┌──
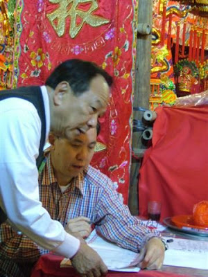 見到擲聖杯, 很容易就聯想到選總理, 因為很多地方的民間宗教, 特別是觀塘牛頭角一帶每年的總理一般是經擲聖杯決定。但郭小姐說, 選總者並不在這一兩晚選, 一般是之後回去他們的宗親會的辦事處才大家投票選。擲聖杯只是用作投福物用。
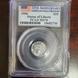 2006 $10 Platinum American Eagle 1/10oz PCGS MS70$400Hudson, FL
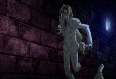 But these ghouls are former Hellsing soldiers. Jan wants to get the party started, and leaps over Walter. He runs towards the conference room, so Walter uses his wires to try and stop him. |
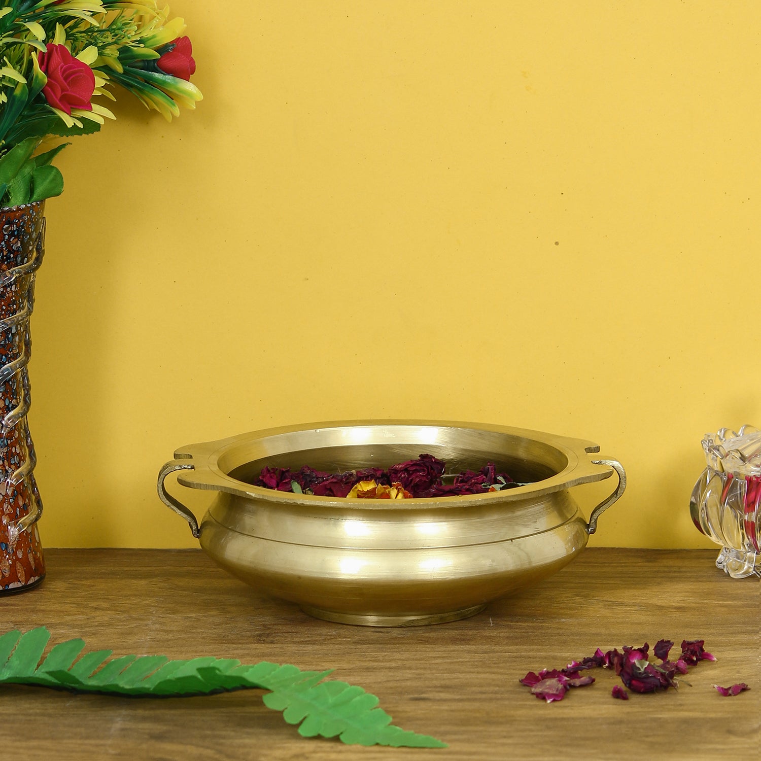 Product Description - If you have ever spent time gazing at the gorgeous urli that sat in your grandmother’s home or if you have craved the thought of recreating that five-star hotel lobby looks in your home, then this decorative brass urli is just right for you! Made using high-quality brass, this urli has been created to mesmerize whether you keep it as it is or you choose to fill it with water and floating candles or simply with flowers, you can be sure that it will become the center of attention. A wonderful addition to your own home as well as a gift to someone you care about pick this urli today! The antique gold color looks striking and the use of brass ensures longevity and ease of maintenance. To display the bowl in the traditional way, fill it with water and then float living or artificial flowers on top. Add water to the urli, mix a bit of rose water, and float flowers of your choice. You can also place floating candles on the surface of the water. No matter how you use the Handmade Brass Urli, you're certain to be impressed with its quality! Beautify your home with this traditional Indian decorative design urli bowl.
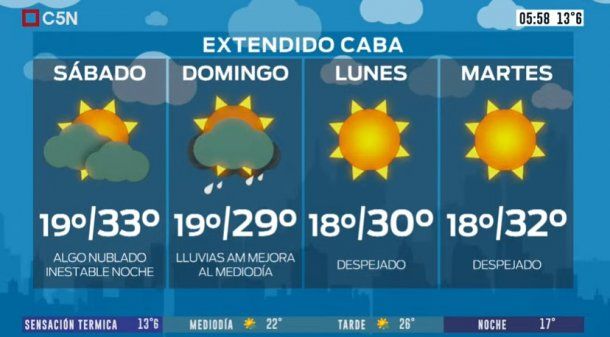 Para el sábado se espera cielo mayormente nublado, vientos moderados a leves del norte y una temperatura que irá de los 19 a los 33 grados, con tiempo desmejorando hacia la noche.
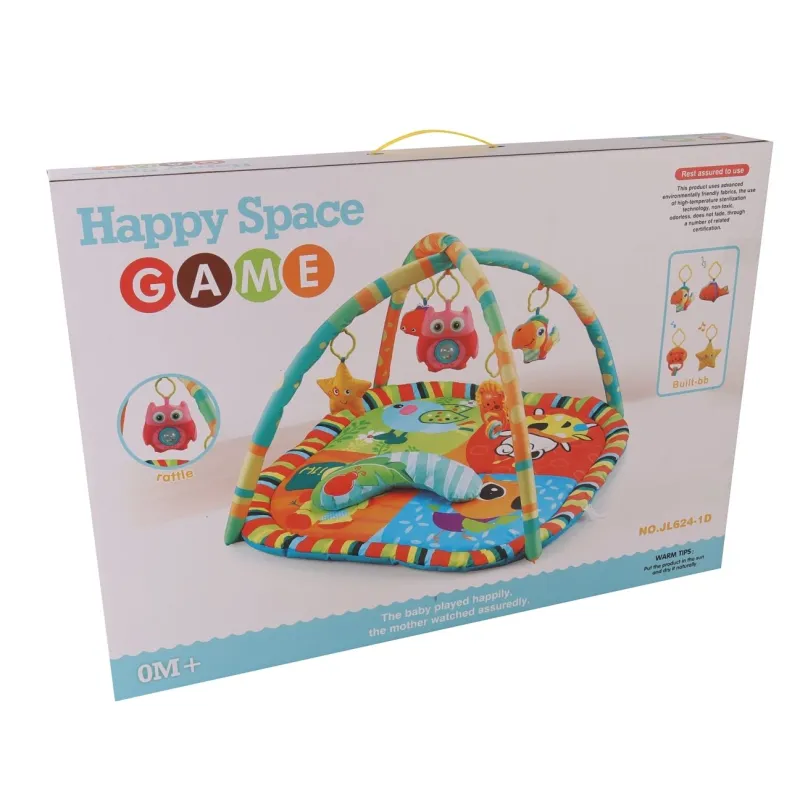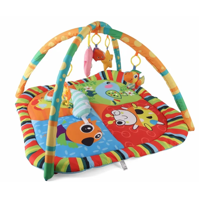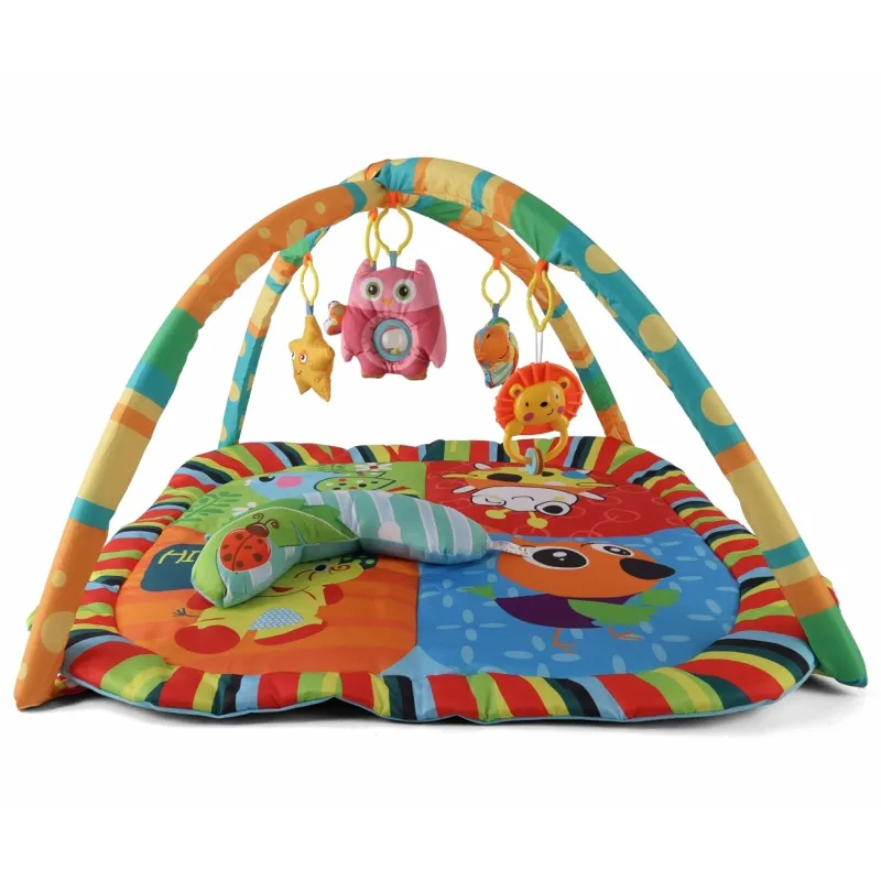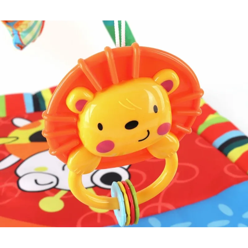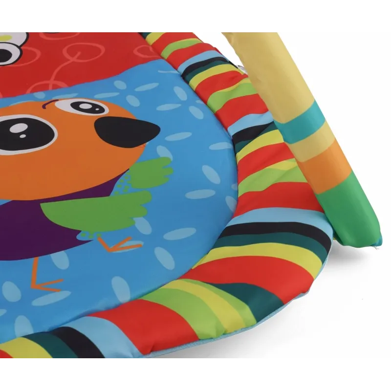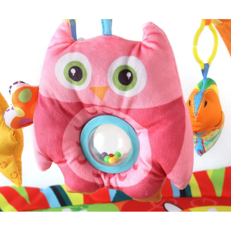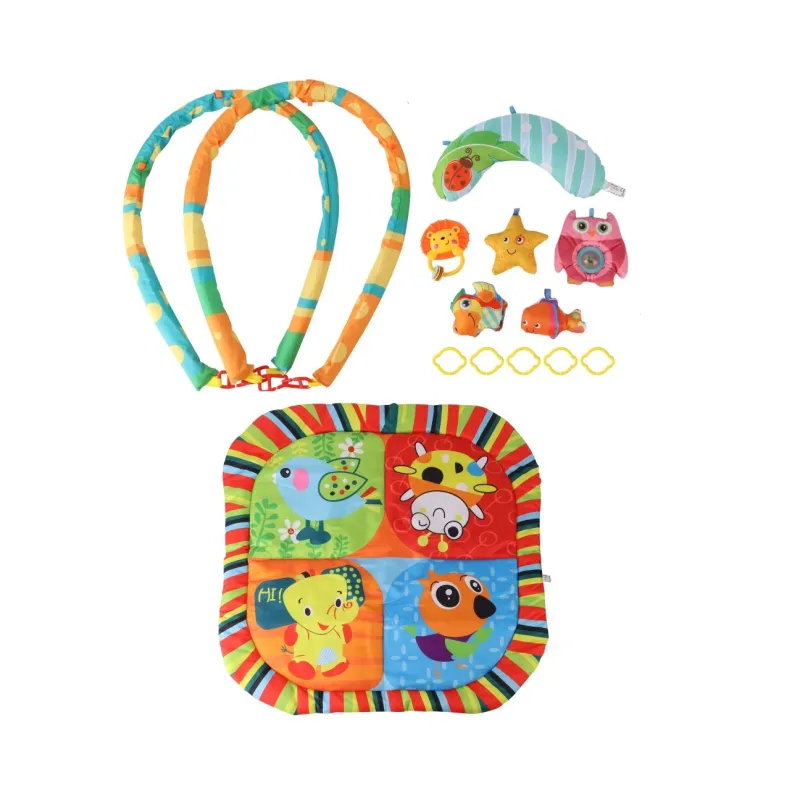 2 krāsainas, noņemamas arkas;5 attīstošie piekariņi: mīksta pūce ar grabuli, zvaigzne ar izšūtām acīm, dzīvnieki ar pīkstieniem un skaņām, kā arī plastmasas lauvas grabulis;1 mīksts spilvens ar mārītes motīvu;4 dzelteni rotaļlietu turētāji;Rotaļlietas var brīvi pārvietot uz citu vietu vai izmantot atsevišķi. Katram no tiem ir sensorie elementi: skaņas, dažādas tekstūras, drošas krāsas un kustīgas daļas;Mīksts un patīkams pieskarties paklājiņa virsma;Izteiksmīgi dzīvnieku raksti piesaista mazuļa uzmanību;Veicina motorikas un sensorikas attīstību;Vecums: 0+ mēneši;Paklājiņa izmēri: 85x75 cm.
└──
With the pictures set aside, repeat every entry above exactly.

_REPLY TO THE TASK_:
 見到擲聖杯, 很容易就聯想到選總理, 因為很多地方的民間宗教, 特別是觀塘牛頭角一帶每年的總理一般是經擲聖杯決定。但郭小姐說, 選總者並不在這一兩晚選, 一般是之後回去他們的宗親會的辦事處才大家投票選。擲聖杯只是用作投福物用。
 2006 $10 Platinum American Eagle 1/10oz PCGS MS70$400Hudson, FL
 But these ghouls are former Hellsing soldiers. Jan wants to get the party started, and leaps over Walter. He runs towards the conference room, so Walter uses his wires to try and stop him. |
 Product Description - If you have ever spent time gazing at the gorgeous urli that sat in your grandmother’s home or if you have craved the thought of recreating that five-star hotel lobby looks in your home, then this decorative brass urli is just right for you! Made using high-quality brass, this urli has been created to mesmerize whether you keep it as it is or you choose to fill it with water and floating candles or simply with flowers, you can be sure that it will become the center of attention. A wonderful addition to your own home as well as a gift to someone you care about pick this urli today! The antique gold color looks striking and the use of brass ensures longevity and ease of maintenance. To display the bowl in the traditional way, fill it with water and then float living or artificial flowers on top. Add water to the urli, mix a bit of rose water, and float flowers of your choice. You can also place floating candles on the surface of the water. No matter how you use the Handmade Brass Urli, you're certain to be impressed with its quality! Beautify your home with this traditional Indian decorative design urli bowl.
 Para el sábado se espera cielo mayormente nublado, vientos moderados a leves del norte y una temperatura que irá de los 19 a los 33 grados, con tiempo desmejorando hacia la noche.
 2 krāsainas, noņemamas arkas;5 attīstošie piekariņi: mīksta pūce ar grabuli, zvaigzne ar izšūtām acīm, dzīvnieki ar pīkstieniem un skaņām, kā arī plastmasas lauvas grabulis;1 mīksts spilvens ar mārītes motīvu;4 dzelteni rotaļlietu turētāji;Rotaļlietas var brīvi pārvietot uz citu vietu vai izmantot atsevišķi. Katram no tiem ir sensorie elementi: skaņas, dažādas tekstūras, drošas krāsas un kustīgas daļas;Mīksts un patīkams pieskarties paklājiņa virsma;Izteiksmīgi dzīvnieku raksti piesaista mazuļa uzmanību;Veicina motorikas un sensorikas attīstību;Vecums: 0+ mēneši;Paklājiņa izmēri: 85x75 cm.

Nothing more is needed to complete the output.